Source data
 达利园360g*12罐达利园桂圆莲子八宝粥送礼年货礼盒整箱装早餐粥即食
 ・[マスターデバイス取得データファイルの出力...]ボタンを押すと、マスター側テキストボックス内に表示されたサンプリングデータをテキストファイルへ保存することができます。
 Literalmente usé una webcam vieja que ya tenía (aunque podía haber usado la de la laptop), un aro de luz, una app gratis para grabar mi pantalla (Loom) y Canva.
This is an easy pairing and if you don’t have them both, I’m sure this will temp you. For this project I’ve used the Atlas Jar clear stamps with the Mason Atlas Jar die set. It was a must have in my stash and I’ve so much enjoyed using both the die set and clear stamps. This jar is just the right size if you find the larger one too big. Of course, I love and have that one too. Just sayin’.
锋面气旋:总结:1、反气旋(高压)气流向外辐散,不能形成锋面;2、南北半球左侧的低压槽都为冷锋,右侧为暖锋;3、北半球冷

** HOW TO COMPLETE THIS TASK **
Your answer must be the complete data, repeated word for word.

** RESPONSE TO THE TASK **
 达利园360g*12罐达利园桂圆莲子八宝粥送礼年货礼盒整箱装早餐粥即食
 ・[マスターデバイス取得データファイルの出力...]ボタンを押すと、マスター側テキストボックス内に表示されたサンプリングデータをテキストファイルへ保存することができます。
 Literalmente usé una webcam vieja que ya tenía (aunque podía haber usado la de la laptop), un aro de luz, una app gratis para grabar mi pantalla (Loom) y Canva.
This is an easy pairing and if you don’t have them both, I’m sure this will temp you. For this project I’ve used the Atlas Jar clear stamps with the Mason Atlas Jar die set. It was a must have in my stash and I’ve so much enjoyed using both the die set and clear stamps. This jar is just the right size if you find the larger one too big. Of course, I love and have that one too. Just sayin’.
锋面气旋:总结:1、反气旋(高压)气流向外辐散,不能形成锋面;2、南北半球左侧的低压槽都为冷锋,右侧为暖锋;3、北半球冷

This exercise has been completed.